Content-Type: application/javascript
Accept-Ranges: bytes
Content-Length: 21
Connection: keep-alive
console.log('tobi');

Because the request path is used as is, files nested within directories are served as you’d expect. For example, you might have a GET /javascripts/jquery.js request and a GET /stylesheets/app.css request on your server, which would serve the files ./public/javascripts/jquery.js and ./public/stylesheets/app.css, respectively.

Using serve-static with mounting

Sometimes applications prefix pathnames with /public, /assets, /static, and so on. With the mounting concept that Connect implements, serving static files from multiple directories is simple. Just mount the app at the location you want. As mentioned in chapter 5, the middleware itself has no knowledge that it’s mounted, because the prefix is removed.

For example, a request to GET /app/files/js/jquery.js with serve-static mounted at /app/files will appear to the middleware as GET /js/jquery. This works out well for the prefixing functionality because /app/files won’t be part of the file resolution: 

app.use('/app/files', connect.static('public'));

The original request of GET /foo.js won’t work anymore, because the middleware isn’t invoked unless the mount point is present, but the prefixed version GET /app/files/foo.js will transfer the file: 

$ curl http://localhost/foo.js
Cannot get /foo.js
$ curl http://localhost/app/files/foo.js
console.log('tobi');
Absolute vs. relative directory paths

Keep in mind that the path passed to serve-static is relative to the current working directory. Passing in "public" as your path will essentially resolve to process.cwd() + "public".

Sometimes, though, you may want to use absolute paths when specifying the base directory, and the __dirname variable helps with that: 

app.use('/app/files', connect.static(__dirname + '/public'));
Serving index.html when a directory is requested

Another useful feature of serve-static is its ability to serve index.html files. When a request for a directory is made and an index.html file lives in that directory, it will be served.

Serving static files is useful for web application assets, such as CSS, JavaScript, and images. But what if you want to allow people to download a list of arbitrary files from a list of directories? That’s where serve-index comes in.

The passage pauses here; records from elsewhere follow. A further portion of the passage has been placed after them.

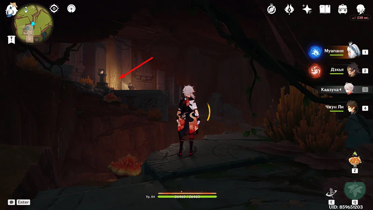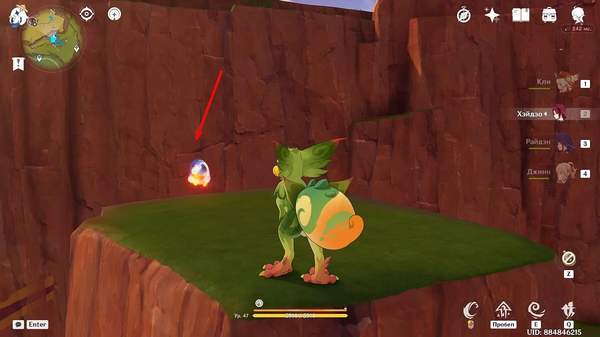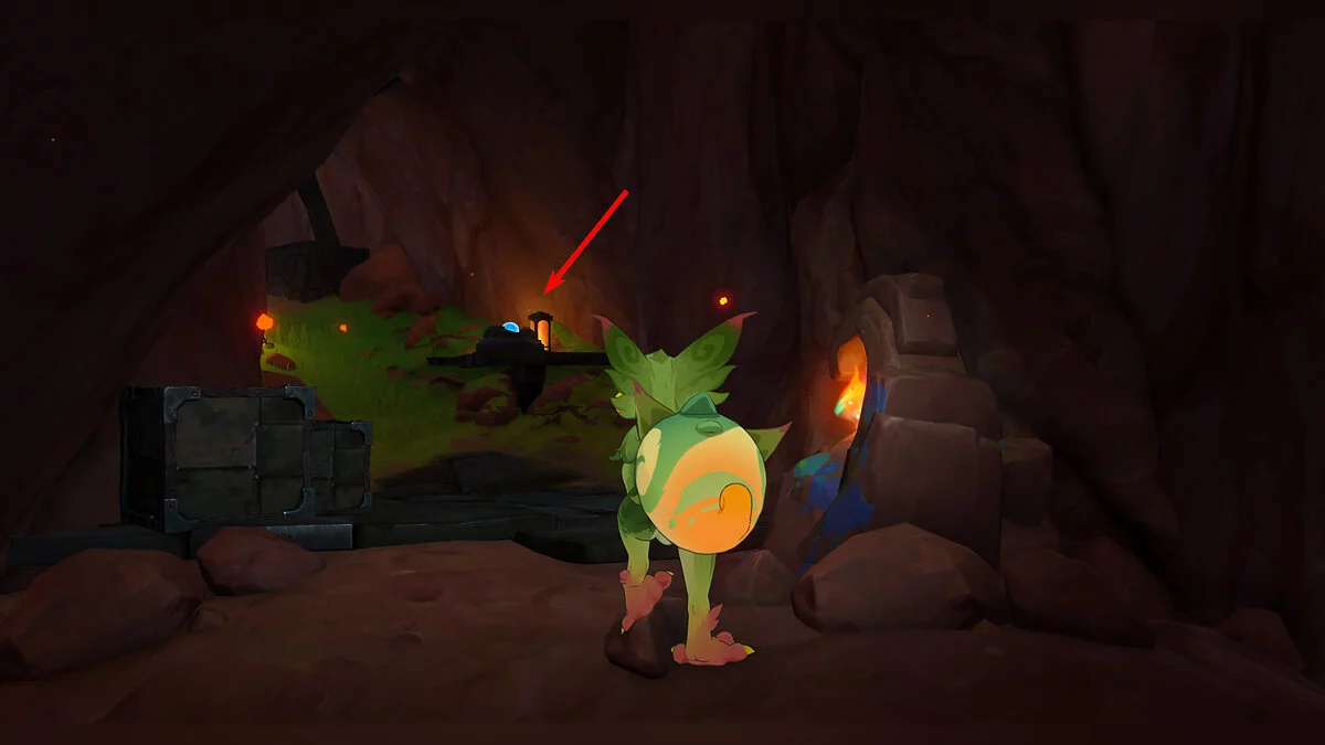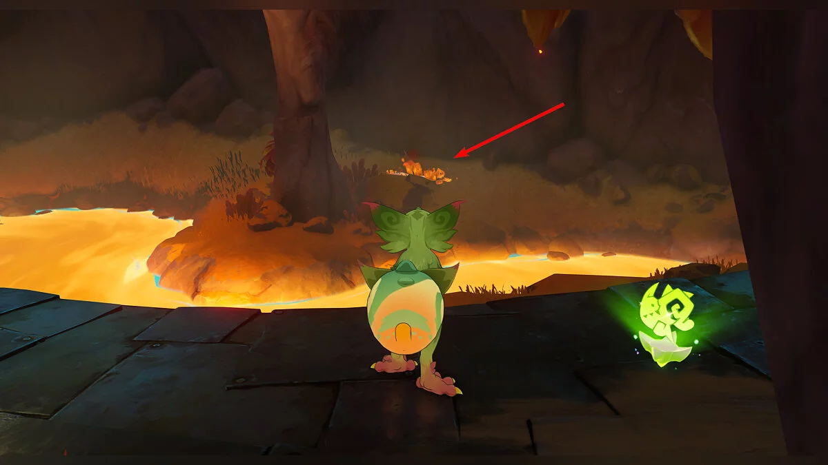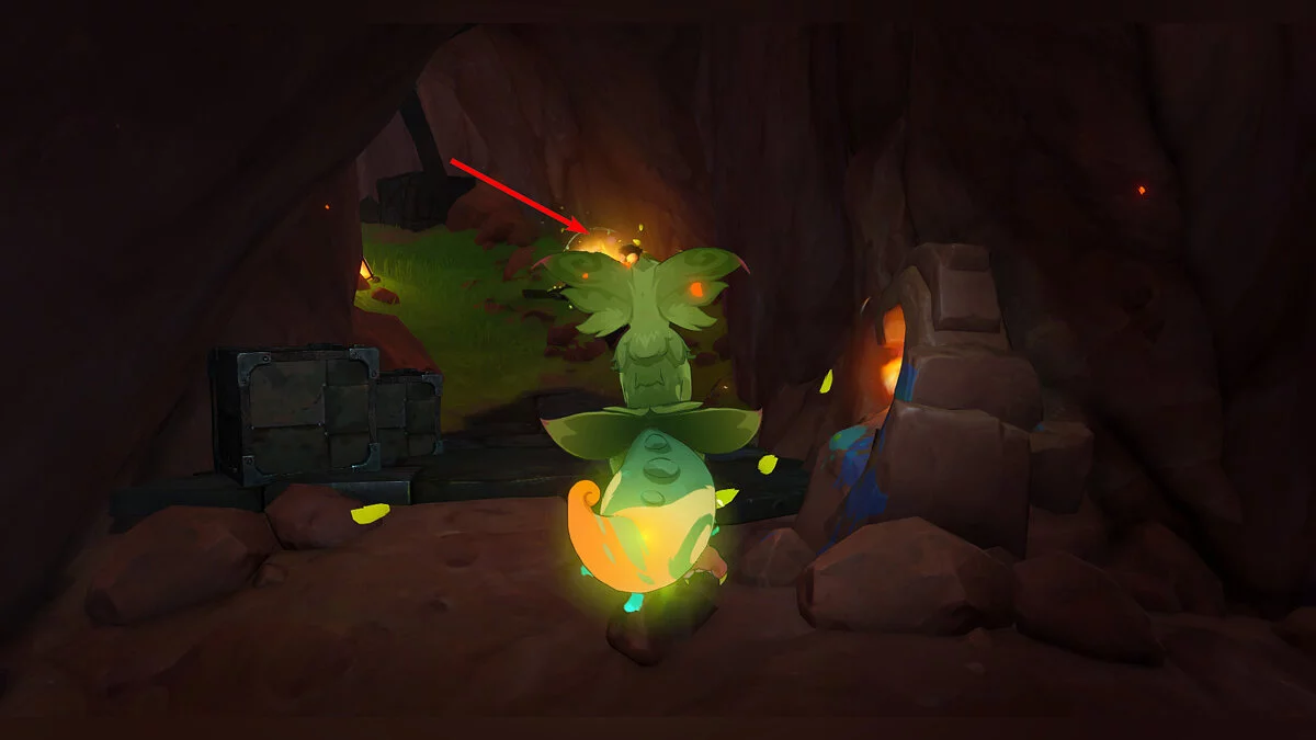 Во-первых, соберите местную диковинку — пепельник. Это такие оранжево-красные бутоны, которые распускаются если атаковать их Пиро. Нужен всего один цветок, если у вас его нет — пройдите чуть дальше, за сундуки и обнаружите на соседнем склоне несколько бутонов. Вернитесь к сундукам и положите один пепельник в миску. Появятся Пиро слаймы, которых нужно уничтожить, после чего откроется богатая сокровищница.
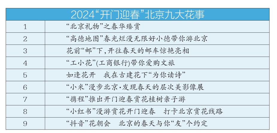 此外,還有工行北京分行愛購文旅、小米影像展、小紅書打卡北京賞花線路等活動(dòng),以花事展現(xiàn)北京春天的生機(jī)活力。
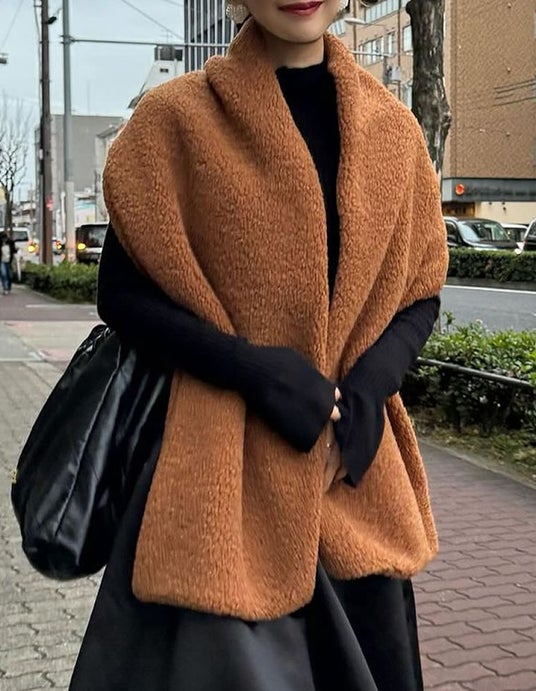 ふんわりもこもこのボア素材を使ったショールが新登場。
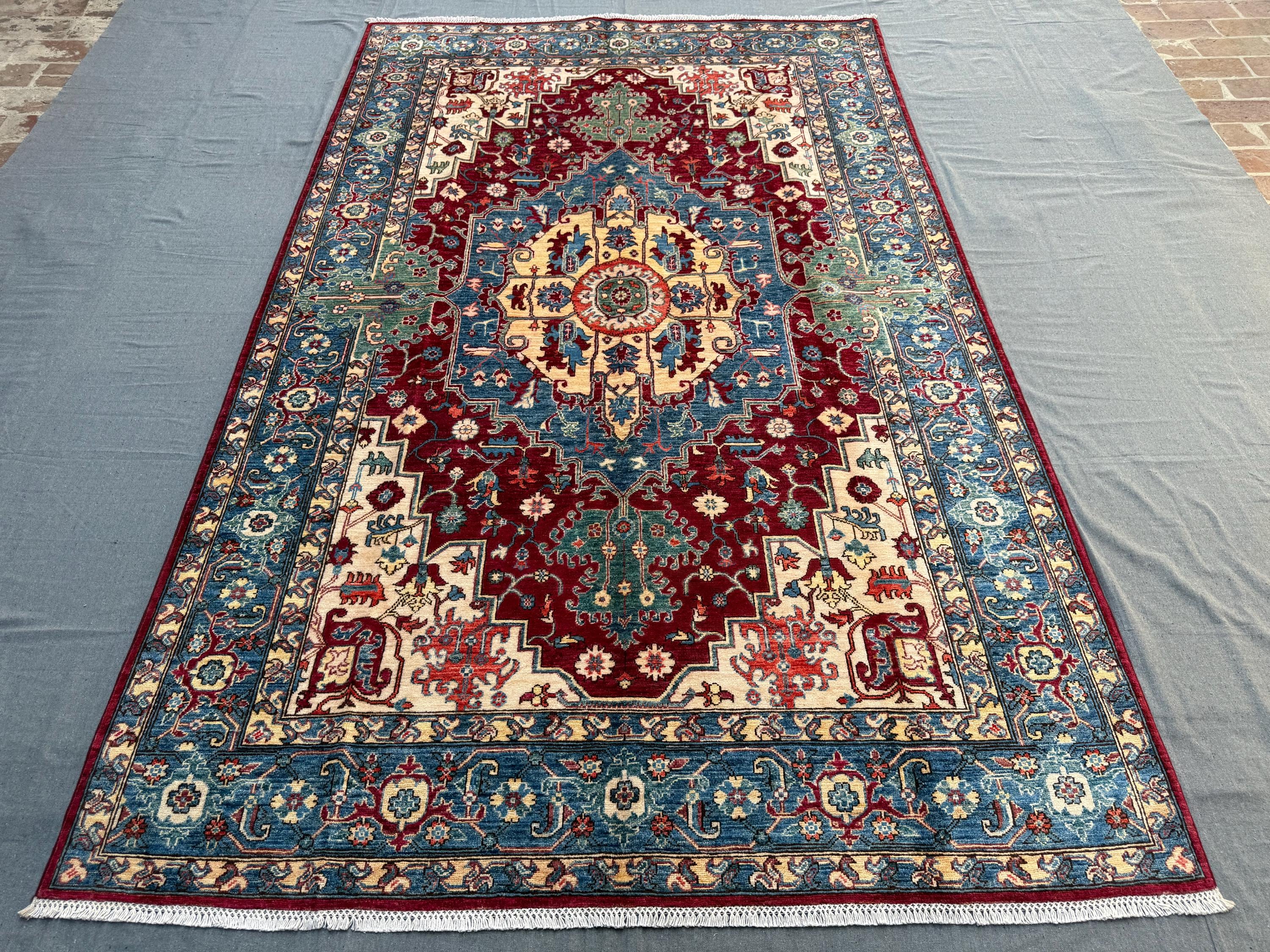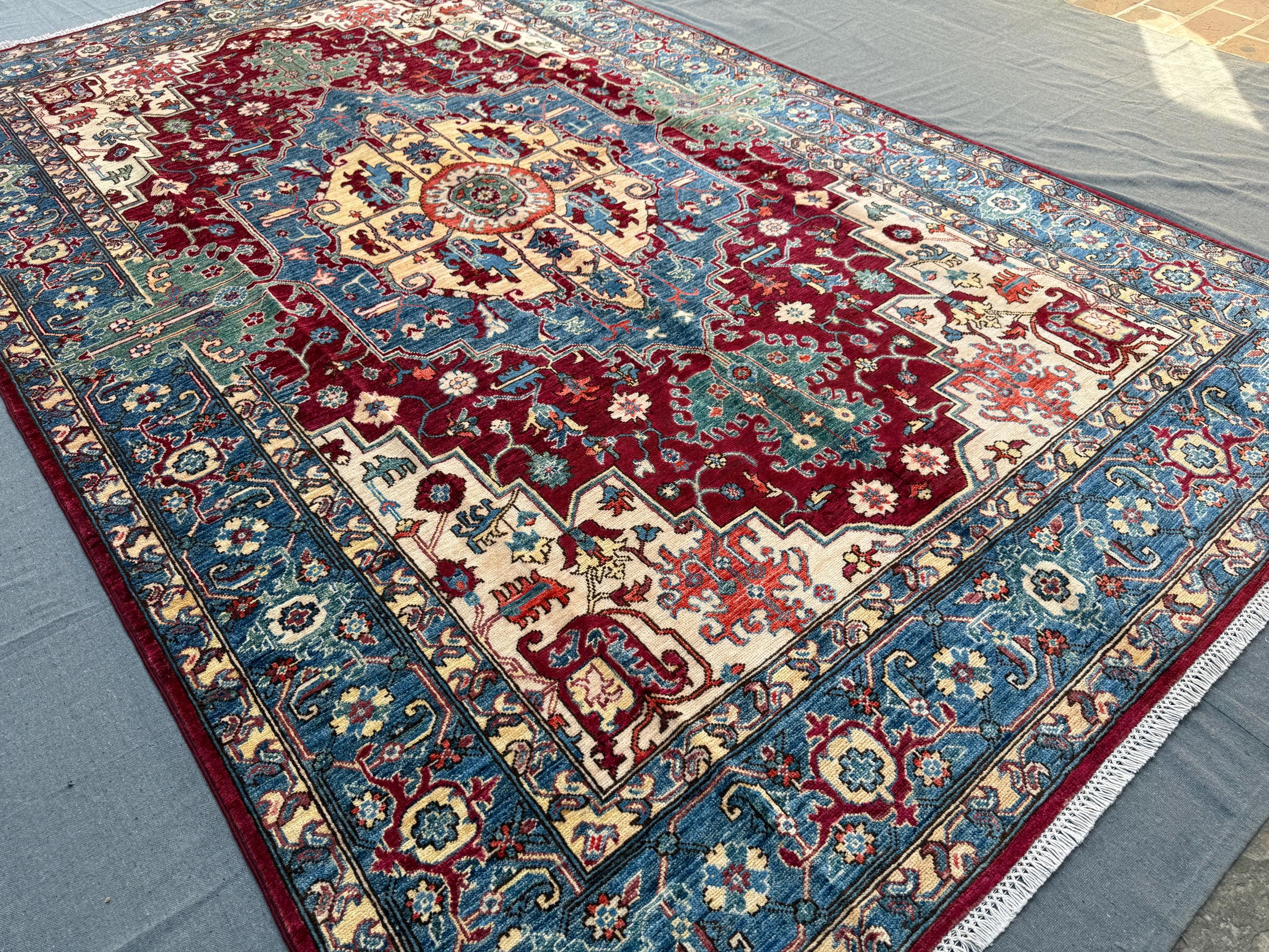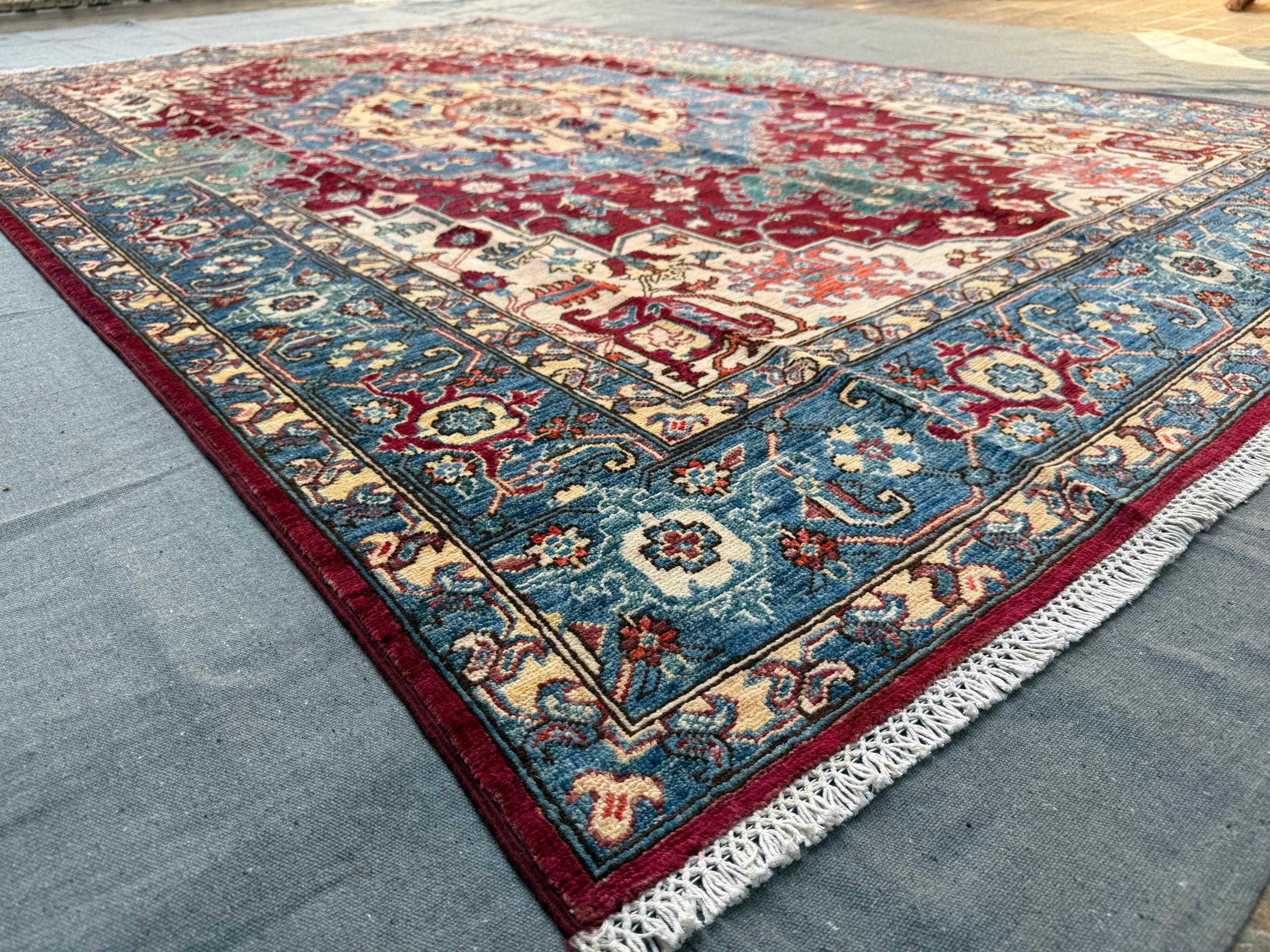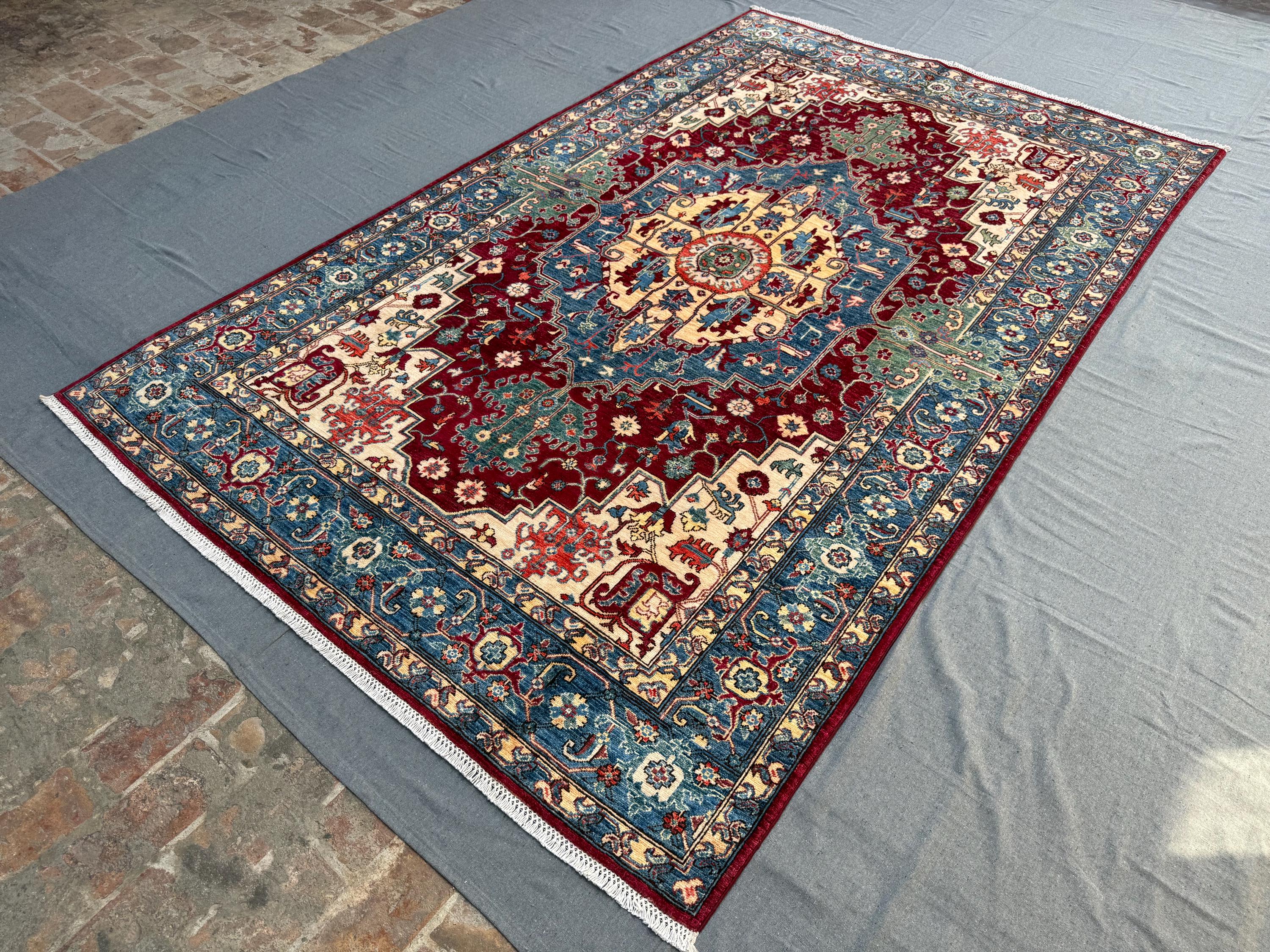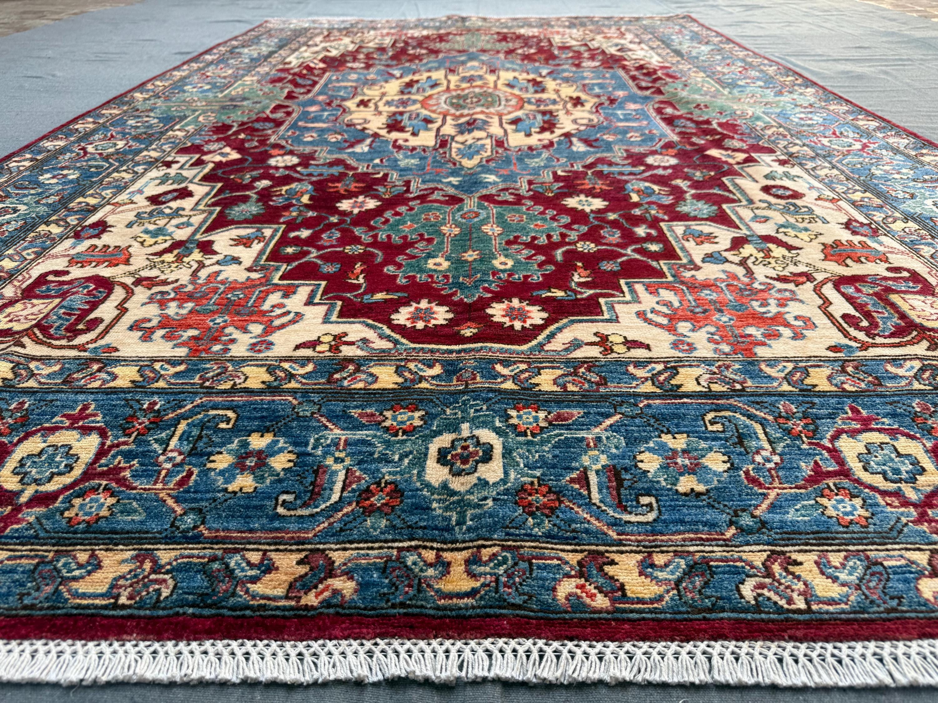 Bring bold character and timeless artistry to your home with this Handmade Heriz Wool Rug, featuring a deep burgundy field paired with striking blue, ivory, and green accents. The detailed central medallion, geometric florals, and crisp tribal motifs create a rich, dramatic look that instantly elevates any interior.

C.4.2. serve-index: generating directory listings

The serve-index module (www.npmjs.com/package/serve-index) is a small directory-listing component that provides a way for users to browse remote files. Figure C.6 illustrates the interface provided by this component, complete with a search input field, file icons, and clickable breadcrumbs.

Figure C.6. Serving directory listings with Connect’s directory() middleware component

Basic usage

This component is designed to work with serve-static, which will perform the file serving; serve-index simply serves the listings. The setup can be as simple as the following snippet, where the request GET / serves the ./public directory: 

const connect = require('connect');
const serveStatic = require('serve-static');
const serveIndex = require('serve-index');

connect()
  .use(serveIndex('public'))
  .use(serveStatic('public'))
  .listen(3000);
Using directory() with mounting

Through the use of middleware mounting, you can prefix both the server-static and serve-index modules to any path you like, such as GET /files in the following example. Here the icons option is used to enable icons, and hidden is enabled for both components to allow the viewing and serving of hidden files: 

connect()
  .use('/files', serveIndex('public', { icons: true, hidden: true }))
  .use('/files', serveStatic('public', { hidden: true }))
  .listen(3000);

It’s now possible to navigate through files and directories with ease.